But it is rather impractical to adopt a positivist "how you can help" framing to address the epidemic at large. While certainly instrumentally useful, it is necessarily unlikely for the same traditional solutions to loneliness to spontaneously 'gain influence' against what has thus far been a gradual decline in their effectiveness and buying power.
How did you come to develop this sort of perspective? What did you read/study that led you to this pov?
- the common sentiment of "child raising is too expensive"
- the reality that wealth has drastically gone up
I think: okay, it must feel expensive for some reason. Probably because the work involved, despite not changing too much in an absolute sense, is relatively much pricier compared to all modern cheap sources of happiness.
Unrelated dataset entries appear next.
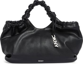 Glimmering logo hardware brands this softly unstructured faux-leather tote complete with artfully wrapped top handles.
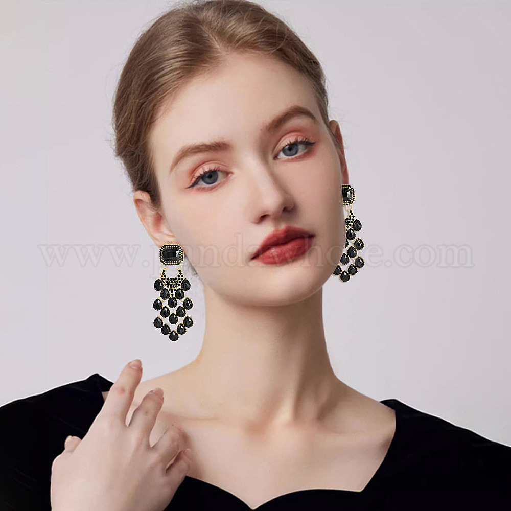 Серьги-люстры из сплава со стразами в форме капли и прямоугольника, золотые
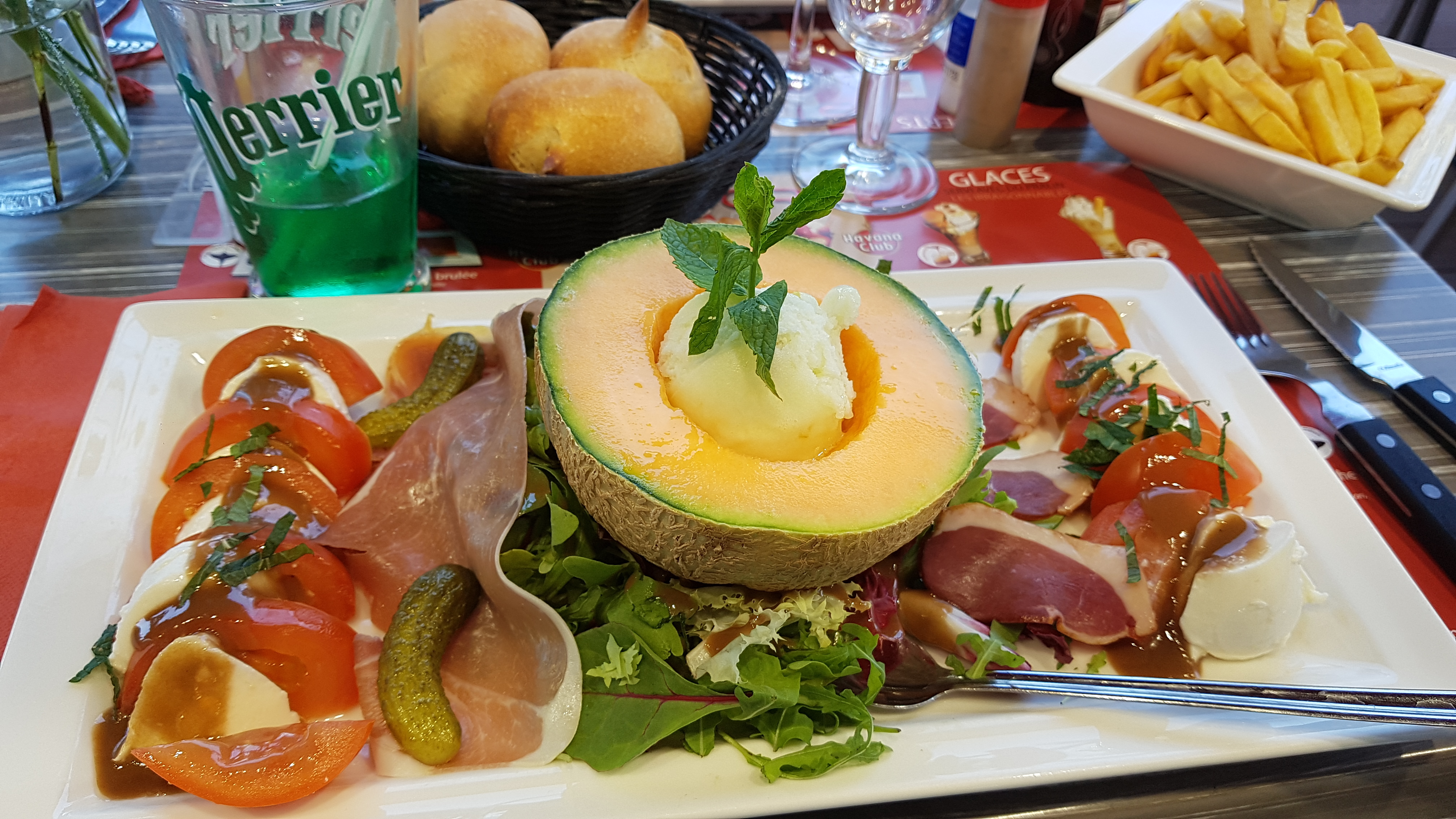 Magret saignant limite bleu à certains endroits et trop cuit d'autres, frites pas faites maison, accompagnement haricots verts proposé mais finalement compté en supplément (sans même m'avoir avertie au préalable), ambiance un peu froide avec la télé qui diffuse les infos en boucle ... franchement j'adhère moyen.
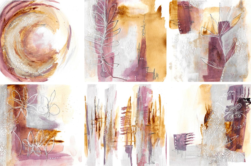 Seelenwesen meets Little Abstracts. Selbstgemachte Pflanzentinten auf Aquarellpapier (Mixed Media)
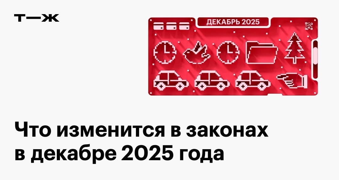 🔴Повысили утильсбор на автомобили. 🔴В банках вместо паспорта можно будет предъявлять QR-код с госуслуг. 🔴Заканчивается срок автоматического продления водительских прав. 🔴Иностранцы будут сдавать биометрию во всех пунктах пропуска через границу РФ. Рассказываем про эти и другие изменения в законах в декабре: https://t-j.ru/tg/new-zakon-12-25/
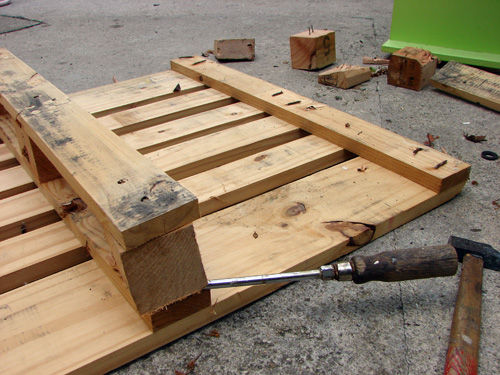 Το πρώτο βήμα που πρέπει να κάνουμε είναι να αφαιρέσουμε τα κομμάτια ξύλου που δίνουν ύψος στη παλέτα στη κάτω πλευρά της.
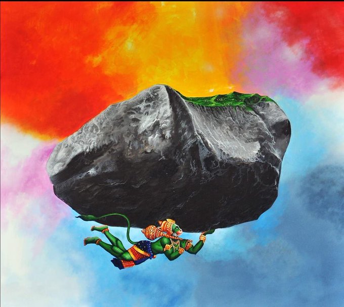 @sakshijoshii #Lakshmana is badly wounded Hanuman was called upon to fetch a herb from the mount Dronagiri Hanuman could not identify the herb and lifted the whole mountain and brought it to the battlefield

Then, this notion of the cost-of-fun is easily transferred to general socialization & the loneliness problem.
There is also a psychological concept of "Social Surrogates" which is fundamental here; see Social Surrogates, Social Motivations, and Everyday Activities: The Case for a Strong, Subtle, and Sneaky Social Self - https://www.sciencedirect.com/science/chapter/bookseries/abs...
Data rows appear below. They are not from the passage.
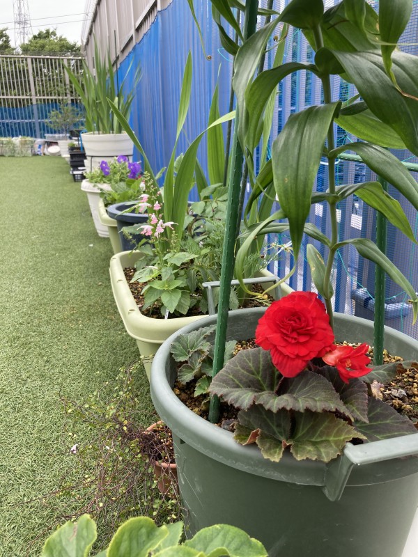 たんぽぽ海神町南保育園では、園の周囲や屋上庭園でたくさんの花を育てています。
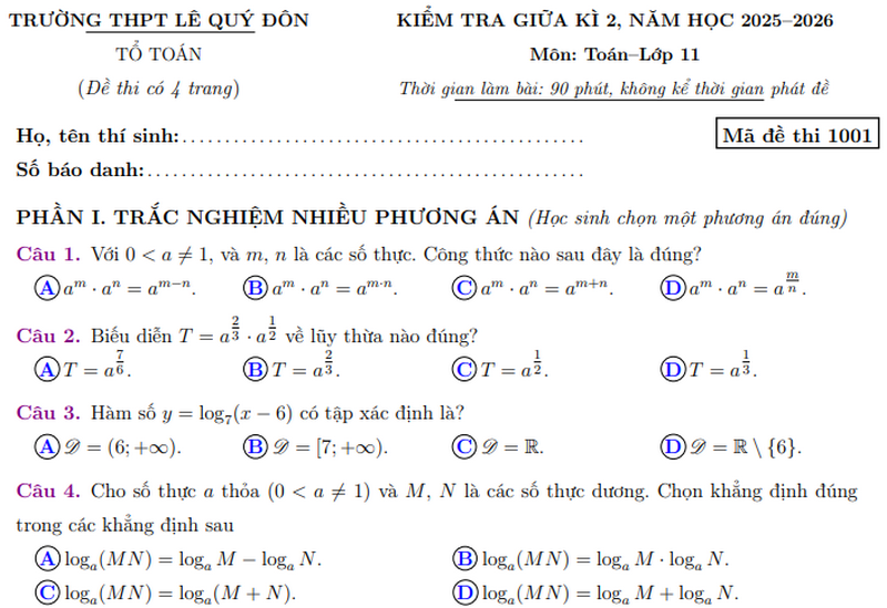 Đề giữa kì 2 Toán 11 trường THPT Lê Quý Đôn năm 2026
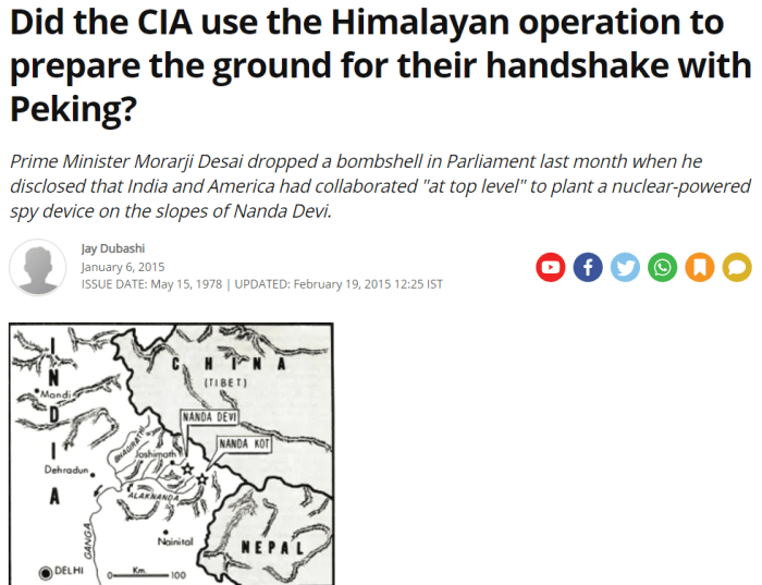 Did the CIA plant nuclear-powered spy device in the Himalayas in the 60s?

When you are younger, you belong in school. When you get older, you belong at work.
If you fall out of any of these social structures its extremely difficult to find your way back in.
I was already pretty disconnected from society and people in general when my divorce hit and now I am completely untethered from any kind of community. Living is miserable I hate my life and I do not want to exist like this anymore.
None of the solutions people provide are easy or functional. "Go meet people" is the most vague, unhelpful bullshit ever.
I think the reality is some people, no matter how intelligent, caring or otherwise full of empathy they may be are just "too far gone" for anyone to have the initiative or concern to care about us. The world is so corroded and socially poisoned that any kind of meaningful effort in this kind of thing is pointless. Anybody with time or money is busy making money.
You can't solve the epidemic because it is a byproduct of multiple irreparably broken systems. People will continue to fall through the cracks and it will get worse. I don't know what happens after that but we'll probably all be dead.